__Input__.
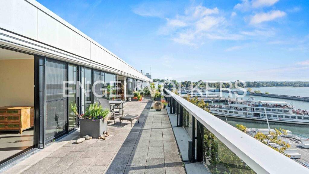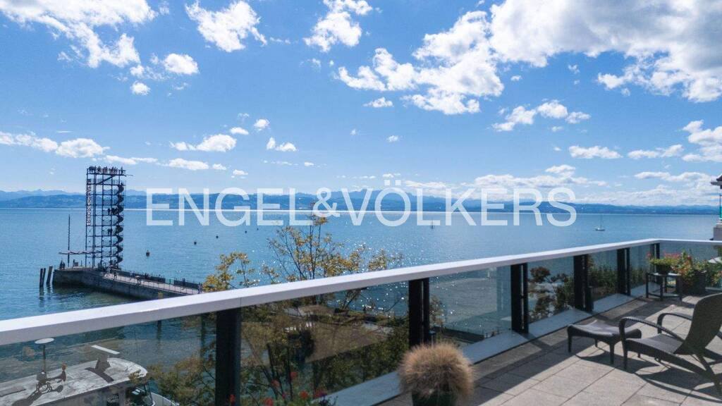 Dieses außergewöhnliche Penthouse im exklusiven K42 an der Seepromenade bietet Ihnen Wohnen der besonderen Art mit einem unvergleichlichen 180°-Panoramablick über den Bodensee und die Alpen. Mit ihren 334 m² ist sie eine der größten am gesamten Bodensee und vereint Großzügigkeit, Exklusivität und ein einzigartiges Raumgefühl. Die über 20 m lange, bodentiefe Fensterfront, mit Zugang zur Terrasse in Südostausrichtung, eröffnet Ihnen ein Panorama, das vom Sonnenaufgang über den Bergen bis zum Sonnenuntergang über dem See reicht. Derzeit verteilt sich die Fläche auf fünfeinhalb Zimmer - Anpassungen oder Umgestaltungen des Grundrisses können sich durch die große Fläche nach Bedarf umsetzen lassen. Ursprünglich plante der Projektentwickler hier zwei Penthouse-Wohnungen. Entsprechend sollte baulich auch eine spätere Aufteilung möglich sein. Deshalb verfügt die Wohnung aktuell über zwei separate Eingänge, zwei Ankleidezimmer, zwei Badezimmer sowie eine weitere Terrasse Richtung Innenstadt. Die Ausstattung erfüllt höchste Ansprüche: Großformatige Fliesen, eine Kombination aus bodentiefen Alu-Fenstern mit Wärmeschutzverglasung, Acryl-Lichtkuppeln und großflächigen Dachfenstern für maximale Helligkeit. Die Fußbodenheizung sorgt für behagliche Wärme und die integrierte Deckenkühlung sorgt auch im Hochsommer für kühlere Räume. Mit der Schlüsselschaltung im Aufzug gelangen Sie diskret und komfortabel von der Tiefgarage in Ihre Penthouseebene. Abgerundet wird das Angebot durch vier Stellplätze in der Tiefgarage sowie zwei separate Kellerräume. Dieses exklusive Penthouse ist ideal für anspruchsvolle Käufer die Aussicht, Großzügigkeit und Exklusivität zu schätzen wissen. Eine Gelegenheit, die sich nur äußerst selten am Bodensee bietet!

==

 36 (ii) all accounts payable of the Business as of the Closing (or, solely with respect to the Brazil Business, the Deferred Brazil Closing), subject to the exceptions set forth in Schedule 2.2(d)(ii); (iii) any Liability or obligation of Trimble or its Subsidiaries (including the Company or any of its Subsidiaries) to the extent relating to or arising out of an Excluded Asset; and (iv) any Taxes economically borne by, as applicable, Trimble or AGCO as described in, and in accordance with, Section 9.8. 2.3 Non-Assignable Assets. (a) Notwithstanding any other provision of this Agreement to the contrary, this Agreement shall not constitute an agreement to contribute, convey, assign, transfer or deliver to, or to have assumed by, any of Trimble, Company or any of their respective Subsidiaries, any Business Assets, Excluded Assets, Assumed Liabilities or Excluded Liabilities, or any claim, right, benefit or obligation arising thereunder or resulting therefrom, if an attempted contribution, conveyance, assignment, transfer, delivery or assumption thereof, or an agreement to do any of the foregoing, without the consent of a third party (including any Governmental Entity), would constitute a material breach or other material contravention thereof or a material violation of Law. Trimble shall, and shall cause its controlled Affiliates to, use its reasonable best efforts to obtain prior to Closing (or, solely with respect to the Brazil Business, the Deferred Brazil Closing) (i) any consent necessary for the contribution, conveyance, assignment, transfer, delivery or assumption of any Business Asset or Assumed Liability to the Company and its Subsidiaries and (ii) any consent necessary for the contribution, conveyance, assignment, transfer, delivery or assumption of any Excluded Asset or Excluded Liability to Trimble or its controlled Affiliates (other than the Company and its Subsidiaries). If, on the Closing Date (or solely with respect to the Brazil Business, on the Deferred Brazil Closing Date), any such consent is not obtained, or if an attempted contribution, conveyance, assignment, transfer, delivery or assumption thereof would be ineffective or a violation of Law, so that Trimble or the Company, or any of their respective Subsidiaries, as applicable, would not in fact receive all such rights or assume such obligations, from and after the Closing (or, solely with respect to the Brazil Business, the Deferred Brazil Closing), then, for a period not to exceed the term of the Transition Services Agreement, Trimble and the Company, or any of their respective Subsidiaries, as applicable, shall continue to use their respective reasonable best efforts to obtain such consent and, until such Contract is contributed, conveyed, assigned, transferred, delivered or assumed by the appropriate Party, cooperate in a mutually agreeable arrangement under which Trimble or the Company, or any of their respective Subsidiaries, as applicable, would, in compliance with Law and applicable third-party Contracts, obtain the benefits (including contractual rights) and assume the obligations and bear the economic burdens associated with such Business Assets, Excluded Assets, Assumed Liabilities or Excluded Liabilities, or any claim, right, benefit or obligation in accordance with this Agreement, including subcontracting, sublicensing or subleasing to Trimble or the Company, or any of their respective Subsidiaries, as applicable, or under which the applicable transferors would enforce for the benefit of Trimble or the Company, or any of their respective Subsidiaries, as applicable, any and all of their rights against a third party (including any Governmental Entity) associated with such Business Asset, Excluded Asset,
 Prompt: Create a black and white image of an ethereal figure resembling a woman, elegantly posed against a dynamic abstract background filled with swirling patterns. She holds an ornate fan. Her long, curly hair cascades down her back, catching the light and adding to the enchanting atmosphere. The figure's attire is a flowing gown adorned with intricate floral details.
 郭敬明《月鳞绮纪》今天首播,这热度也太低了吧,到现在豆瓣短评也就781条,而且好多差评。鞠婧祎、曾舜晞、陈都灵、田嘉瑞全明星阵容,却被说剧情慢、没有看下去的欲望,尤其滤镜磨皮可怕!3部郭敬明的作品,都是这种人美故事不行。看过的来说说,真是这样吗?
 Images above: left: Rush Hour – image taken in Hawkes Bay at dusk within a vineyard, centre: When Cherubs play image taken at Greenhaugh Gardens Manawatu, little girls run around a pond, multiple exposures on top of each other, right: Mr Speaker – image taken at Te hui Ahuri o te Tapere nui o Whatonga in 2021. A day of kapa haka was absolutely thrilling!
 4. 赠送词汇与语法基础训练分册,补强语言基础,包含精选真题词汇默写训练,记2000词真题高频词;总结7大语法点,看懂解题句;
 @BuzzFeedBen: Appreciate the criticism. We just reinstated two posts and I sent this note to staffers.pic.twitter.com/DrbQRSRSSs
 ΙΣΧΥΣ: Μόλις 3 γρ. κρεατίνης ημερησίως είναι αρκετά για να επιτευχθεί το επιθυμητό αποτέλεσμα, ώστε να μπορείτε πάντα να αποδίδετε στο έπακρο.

__Requirement__. Which lines in the data above contain "image"? Show each one.

__Response to this task__.
 Prompt: Create a black and white image of an ethereal figure resembling a woman, elegantly posed against a dynamic abstract background filled with swirling patterns. She holds an ornate fan. Her long, curly hair cascades down her back, catching the light and adding to the enchanting atmosphere. The figure's attire is a flowing gown adorned with intricate floral details.
 Images above: left: Rush Hour – image taken in Hawkes Bay at dusk within a vineyard, centre: When Cherubs play image taken at Greenhaugh Gardens Manawatu, little girls run around a pond, multiple exposures on top of each other, right: Mr Speaker – image taken at Te hui Ahuri o te Tapere nui o Whatonga in 2021. A day of kapa haka was absolutely thrilling!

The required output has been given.